Al panel “Japan to the US: How Manga is Acquired and What Breaks Through?” all’Anime Expo 2026, il confronto ha messo al centro una dinamica fondamentale: la scelta dei titoli manga da licenziare unisce cuore e valutazioni commerciali, con un equilibrio continuo tra dati, intuizione e lettura del pubblico.

manga licensing: passione e sostenibilità commerciale nella scelta dei titoli

L’intervento di Leyla Aker di Square Enix Manga & Books ha fissato un punto chiave: una grande parte del lavoro nel settore manga nasce dal sentire autentico, dalla convinzione personale e da una “delicata follia” necessaria per perseguire l’arte e la narrazione.

Nel corso del panel, è stato evidenziato che, anche quando la motivazione parte dal cuore, la licenza di un titolo richiede comunque una verifica attenta della fattibilità commerciale. I panelist hanno descritto un processo di analisi orientato a capire se il manga possa vendere e al tempo stesso risuonare con il pubblico.
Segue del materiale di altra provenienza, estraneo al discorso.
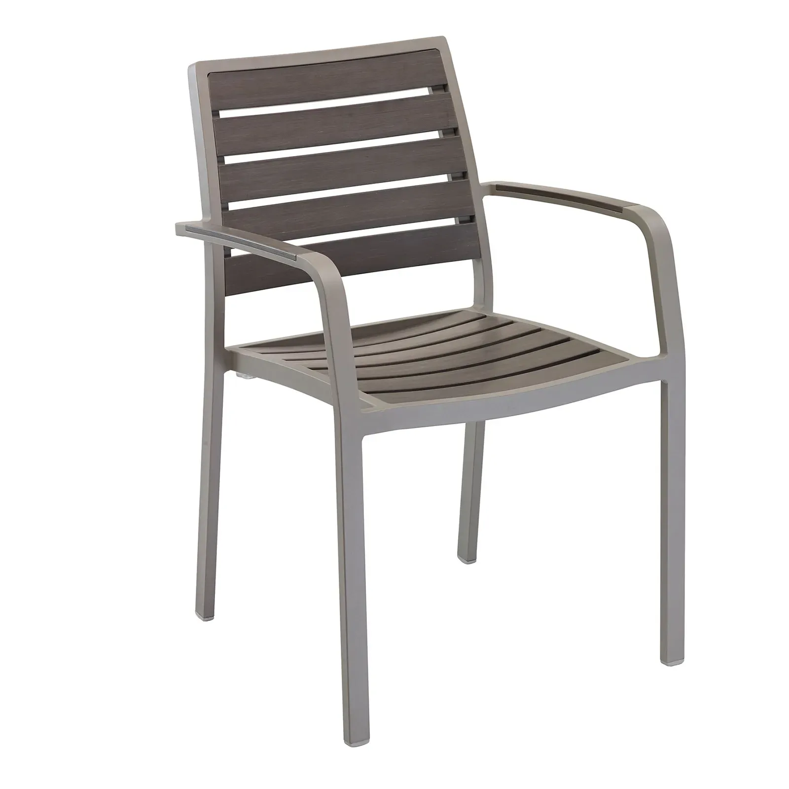 Adapt to varying needs with versatile solutions using the Florida Seating AL-5700-A Chair. Designed specifically for commercial restaurant use, this armchair offers both style and functionality. The stackable design allows for easy storage, making it ideal for establishments with limited space. The gray faux teak ladder back and seat provide a modern and sophisticated look, while the armrests offer added comfort for guests. Constructed with aluminum and finished with a gray powder coat, this chair is built to withstand outdoor use, ensuring durability and longevity. Whether you're creating an outdoor dining area or updating your indoor seating, the Florida Seating AL-5700-A Chair is a reliable choice. With its sleek design and practical features, this armchair is sure to enhance the ambiance of any commercial restaurant setting.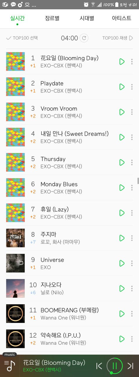 아 순위 끝내주죠~ 썩수 10위권 안에 엑소곡이 8곡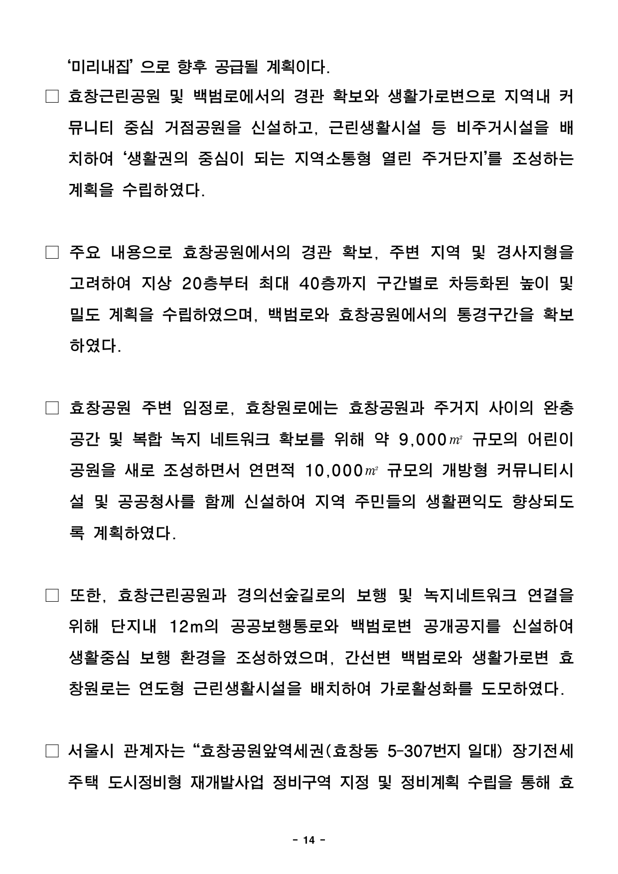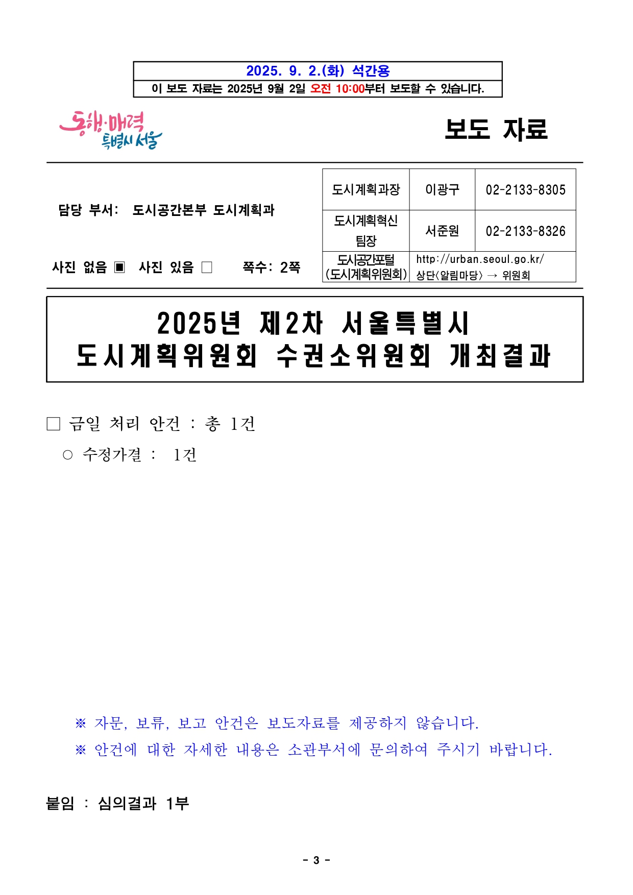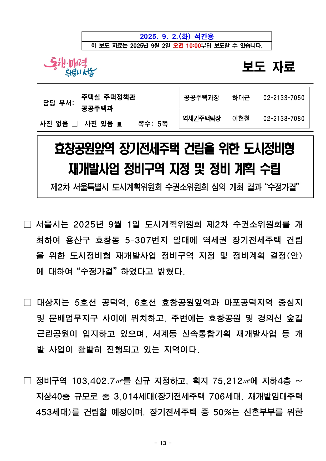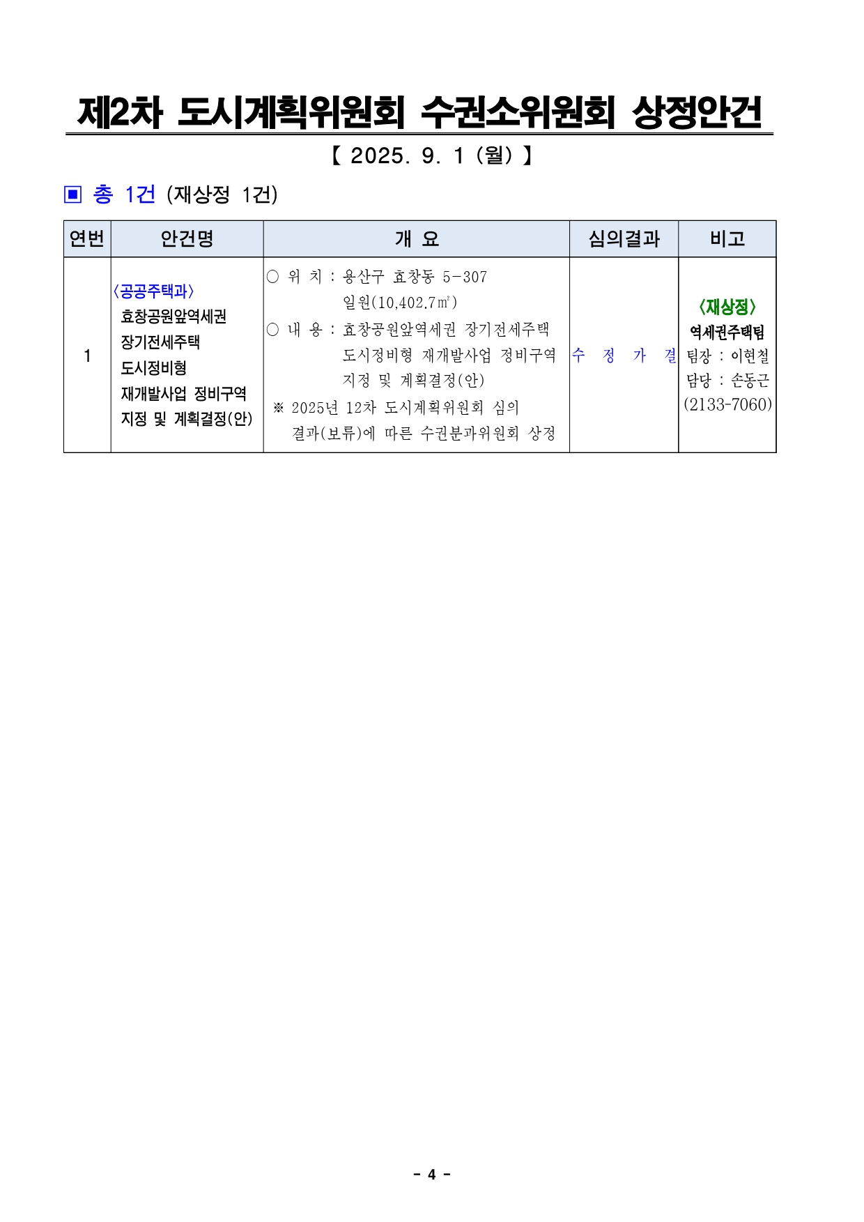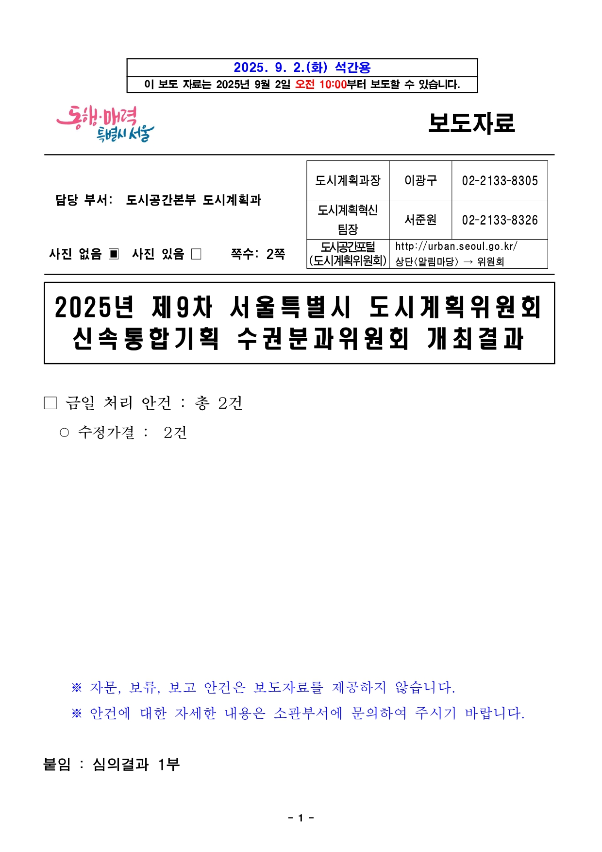 - 1 - 2025. 9. 2.(화) 석간용 이 보도 자료는 2025년 9월 2일 오전 10:00부터 보도할 수 있습니다. 보도자료담당 부서: 도시공간본부 도시계획과 도시계획과장 이광구 02-2133-8305 도시계획혁신 팀장 서준원 02-2133-8326 사진 없음 ▣ 사진 있음 □ 쪽수: 2쪽 도시공간포털 (도시계획위원회) http://urban.seoul.go.kr/ 상단<알림마당> → 위원회 2025년 제 9차 서 울 특 별 시 도 시 계 획 위 원 회 신 속 통 합 기 획 수 권 분 과 위 원 회 개 최 결 과□ 금일 처리 안건 : 총 2건 ○ 수정가결 : 2건 ※ 자문, 보류, 보고 안건은 보도자료를 제공하지 않습니다. ※ 안건에 대한 자세한 내용은 소관부서에 문의하여 주시기 바랍니다. 붙임 : 심의결과 1부 - 2 - 제9차 신속통합기획 수권분과위원회 상정안건 【 2025. 9. 1 (월) 】 ▣ 총 2건 (신규 2건) 연번 안건명 개 요 심의결과 비고1 <공동주택과> 서울목동지구 택지개발사업 지구단위계획구역 내 특별계획구역11 세부개발계획 수립(안), 목동11단지아파트 재건축사업 정비구역 지정 및 정비계획 결정, 경관심의(안) ○ 위 치 : 양천구 신정동 325번지 일대 (128,668.4㎡) ○ 내 용 : 목동11단지 아파트 정비계획(안) 및 정비기반 시설의 적정성 검토 등 수 정 가 결 <신규상정> 재건축사업팀팀장 : 김성화담당 : 정훈희(2133-7286) 2 <공동주택과> 은마아파트 재건축사업 정비계획 결정(변경) 및 지구단위계획 결정(변경)경관심의(안) ○ 위 치 : 강남구 대치동 316 일원(243,552.6㎡) ○ 내 용 : 은마아파트 재건축 정비사업 정비계획 수립(변경) 등 수 정 가 결 <신규상정> 재건축계획팀팀장 : 임동수담당 : 김한주(2133-7139) - 3 - 2025. 9. 2.(화) 석간용 이 보도 자료는 2025년 9월 2일 오전 10:00부터 보도할 수 있습니다. 보도 자료담당 부서: 도시공간본부 도시계획과 도시계획과장 이광구 02-2133-8305 도시계획혁신 팀장 서준원 02-2133-8326 사진 없음 ▣ 사진 있음 □ 쪽수: 2쪽 도시공간포털 (도시계획위원회) http://urban.seoul.go.kr/ 상단<알림마당> → 위원회 2025년 제 2차 서 울 특 별 시 도 시 계 획 위 원 회 수 권 소 위 원 회 개 최 결 과□ 금일 처리 안건 : 총 1건 ○ 수정가결 : 1건 ※ 자문, 보류, 보고 안건은 보도자료를 제공하지 않습니다. ※ 안건에 대한 자세한 내용은 소관부서에 문의하여 주시기 바랍니다. 붙임 : 심의결과 1부 - 4 - 제2차 도시계획위원회 수권소위원회 상정안건 【 2025. 9. 1 (월) 】 ▣ 총 1건 (재상정 1건) 연번 안건명 개 요 심의결과 비고1 <공공주택과> 효창공원앞역세권 장기전세주택 도시정비형 재개발사업 정비구역 지정 및 계획결정(안) ○ 위 치 : 용산구 효창동 5-307 일원(10,402.7㎡) ○ 내 용 : 효창공원앞역세권 장기전세주택 도시정비형 재개발사업 정비구역 지정 및 계획결정(안) ※ 2025년 12차 도시계획위원회 심의 결과(보류)에 따른 수권분과위원회 상정 수 정 가 결 <재상정> 역세권주택팀팀장 : 이현철담당 : 손동근(2133-7060) - 5 - 2025. 9. 2.(화) 석간용 이 보도자료는 2025년 9월 2일 오전 10:00부터 보도할 수 있습니다. 보도자료 담당 부서: 주택실 건축기획관 공동주택과 공동주택과장 이정식 2133-7130 재건축사업팀장 김성화 2133-7296 사진 없음 □ 사진 있음 ▣ 쪽수: 4쪽 '목동11단지' 최고 41층 2,679세대 대단지로 변신 본격화- 도시계획위원회 수권분과위원회, 목동11단지 아파트 재건축 정비계획 결정(안) ‘수정가결’ - 용적률 300%, 최고 41층 2,679세대(임대 352세대 포함) 공급계획 신통기획으로마련- 신트리공원 연계 거점 공원(27,949.6㎡), 중․고등학교연계 소공원(7,970.7㎡) 조성- 노후화된 사회복지시설 환경 개선 및 확대, 지역 필요시설 확보 위한 공공청사신설- 목동지구 11개단지, 신통기획으로 최초 자문 이후 평균 11개월 소요, 기간 대폭단축□ 양천구 목동11단지 아파트가 최고 41층 규모 2,679세대 대단지로재탄생하는 재건축사업이 본격적인 궤도에 올랐다. □ 서울시는 9월 1일 제9차 도시계획위원회 신속통합기획 수권분과위원회에서 양천구 ‘목동11단지아파트 재건축사업 정비구역 지정및정비계획 결정·경관심의(안)’을 ‘수정가결’했다고 밝혔다. □ 목동11단지는 계남근린공원, 신트리공원 등 풍부한 녹지공간과계남초, 봉영여중, 목동고 등 학교가 인접해 우수한 주거환경을 갖춘지역으로, 신속통합기획(자문사업)으로 정비계획(안)이 빠르게 마련됐다. - 6 - □ 이번 계획으로 용적률 300% 이하, 높이 145m(최고 41층) 이하, 공동주택 2,679세대(공공주택 352세대 포함)와 부대복리시설이 들어선다. 또한 주민 편의를 극대화하기 위해 다양한 기반시설을 확충할 예정이다.□ 먼저, 대상지 북측 신트리공원(16,409㎡)과 서측 계남근린공원과연계한근린공원(11,540.6㎡)을 설치해 목동지구 남측 거점 공원(합계 27,949.6㎡)을 조성한다. 봉영여중과 목동고교변으로 소공원(7,970.7㎡)을 조성해학생 및 인근 주민이 쾌적하게 사용할 수 있는 휴게공간을 마련한다. □ 아울러, 노인인구 증가를 고려해 노후화된 기존 사회복지시설을확대조성(연면적 5,000㎡)한다. 이용자의 편의성을 위해 대중교통접근성을더욱 높이고 새로 조성되는 근린공원과 연계해 공공청사(여성발전지원센터, 연면적 5,000㎡)를 신설한다. □ 북측 목동동로변과

analisi del potenziale: pubblico, personaggi, trama e appeal visivo

Le valutazioni includono controlli tipici per stimare la performance del titolo, come:

  • tipologia di personaggi e loro capacità di coinvolgimento
  • struttura della storia e coerenza narrativa
  • ampiezza dell’apprezzamento per l’arte
  • grado di saturazione del genere nel mercato

quando il cuore sente “il juice”: decisioni che richiedono coraggio e fiducia

Oltre l’analisi, emerge una tensione decisiva: cosa si fa quando un titolo sembra avere qualcosa di speciale, quel “magic” irriducibile percepito come “juice”, capace di parlare ai lettori, ma i dati disponibili suggeriscono che la vendita potrebbe non essere in linea.

Il panel ha ripetuto che, in questi casi, si richiede un salto di fiducia. Realizzare quel salto, però, significa costruire sicurezza nella scelta, guardando oltre le sole statistiche. È qui che entra una visione fondata sull’empatia.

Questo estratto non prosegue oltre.